Según el especialista, esta situación ya tiene un impacto concreto sobre los embarques de trigo ruso. “Hoy el trigo ruso no está pudiendo salir. Si, por ejemplo, en un mes de agosto Rusia sacaba entre 4,5 y 5,5 millones de toneladas de trigo, hoy está saliendo apenas un millón y pico”, indicó.

A esto se suma la situación de Ucrania y las dificultades para utilizar el río Danubio como vía alternativa de exportación. “En el caso de Ucrania, el río Danubio, que es una alternativa, está muy bajo por la sequía y la ola de calor, con problemas importantes. Todo eso está presionando al mercado en general”, concluyó.

Cabe mencionar que Rusia y Ucrania concentran aproximadamente el 30% del comercio mundial de trigo, por lo que las dificultades para exportar por el Mar Negro generan una fuerte presión sobre el abastecimiento y la demanda global.

Preciado Patiño mencionó también que la producción de EEUU cayó de 54 a 42 millones de toneladas.

Mariela Brandolin, especialista en mercado de granos, afirmó: “Rusia, el principal exportador de trigo del mundo (20%), tiene que sacar su producción a través del mar de Azov y luego por el Estrecho de Kerch. Este estrecho se encuentra cerrado por los ataques con drones por parte de Ucrania. A su vez, gran parte de la producción del Mar Negro solía salir por el Bósforo (actualmente restringido por Turquía). Ucrania encuentra alternativa para sacar por el Rio Danubio, pero la capacidad es limitada”.

“Había expectativas de que lleguen a un acuerdo en el Mar Negro para retomar exportaciones, pero pasó lo contrario. Zelensky, el presidente de Ucrania, ofreció una tregua para buques con carga agrícola, pero Rusia no solo la rechazó, sino que además aseguró acentuar sus ataques con misiles”, contó Brandolin.

Y agregó que las exportaciones ucranianas de granos están próximas a alcanzar su nivel más bajo desde abril de 2022, cuando registraron el peor desempeño desde el inicio de la guerra, en febrero de ese año. A su vez, se estima que los embarques de trigo ruso en agosto serán los menores desde 2010.

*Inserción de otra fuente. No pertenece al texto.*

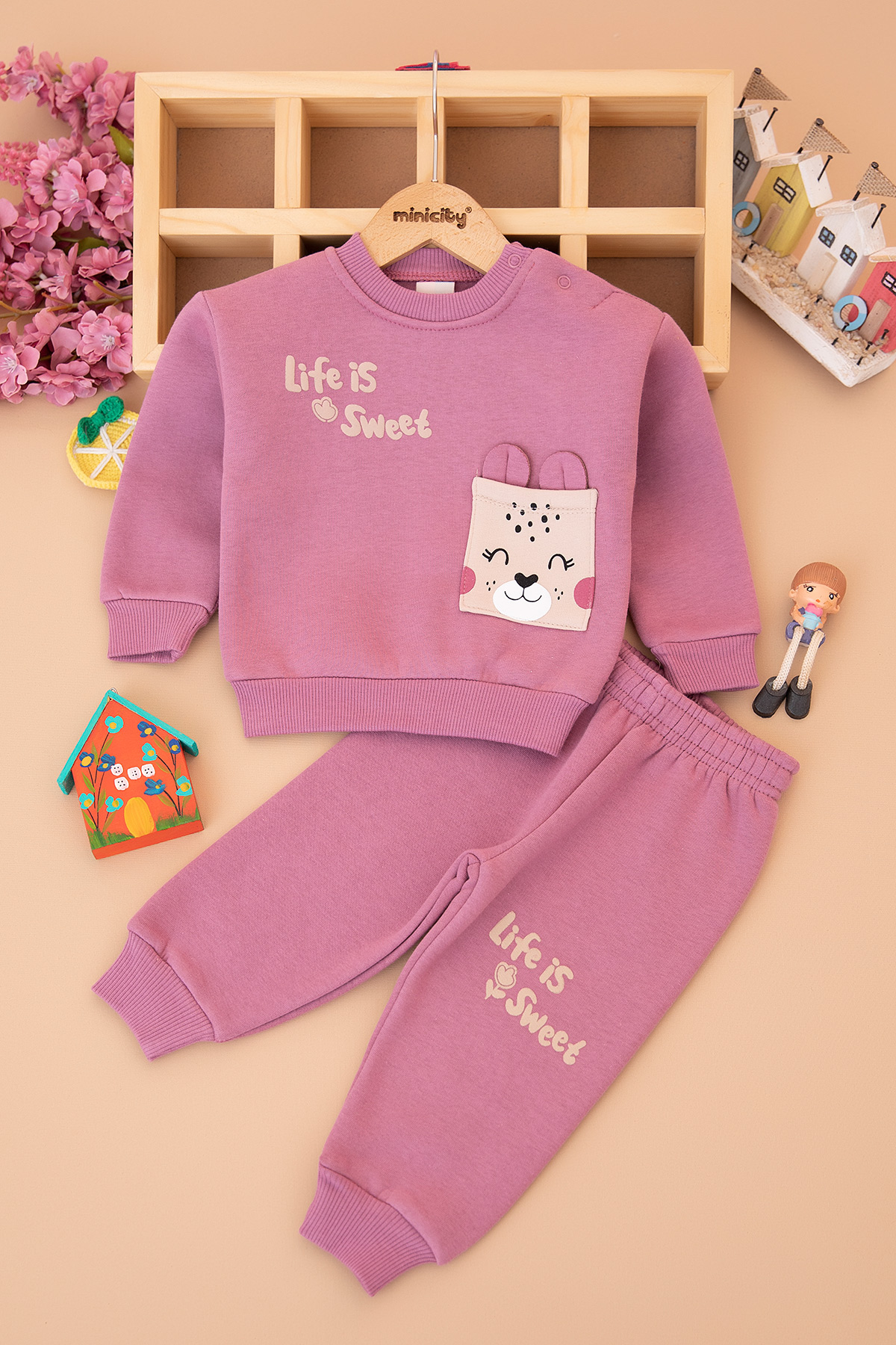 Kız Bebek Sweet Baskılı Üçip Takım - 25904 (9-24 Ay)

Según Max Capital, los compradores internacionales de trigo ya no pueden seguir esperando que se normalice la logística en el Mar Negro y comenzaron a buscar alternativas para garantizar el abastecimiento. En ese contexto, el trigo argentino empieza a ganar movimiento en el mercado.

La producción de Rusia y Ucrania es muy buena, pero el principal problema es la disponibilidad. La dificultad para sacar el cereal de la región llevó a los compradores a explorar otros orígenes. La semana pasada, por ejemplo, se concretó un negocio de trigo francés con destino a Sudán, algo que no ocurría desde hace 18 años.

Si esta tendencia se consolida, resalta Max Capital, los orígenes alternativos podrían recibir una mayor demanda y generar una “inyección de compras” que se traduzca en mejores precios. Sin embargo, el escenario podría cambiar rápidamente si se encuentra una solución para la logística del Mar Negro, lo que podría generar una baja en las cotizaciones.

Mientras tanto, el precio del maíz se ubica por encima de los USD 200 y alcanzó máximos en un año y medio. De acuerdo a la Bolsa de Comercio de Rosario (BCR), en EEUU, los resultados del Pro Farmer Crop Tour mostraron rindes inferiores a los previstos por el USDA en estados clave como Iowa, Illinois y Nebraska, lo que generó expectativas de una oferta más ajustada y llevó las cotizaciones en Chicago a máximos desde febrero de 2025.

A esto se sumó el deterioro de la producción europea por la ola de calor y las dificultades de exportación en el Mar Negro, que redujeron las perspectivas de disponibilidad global.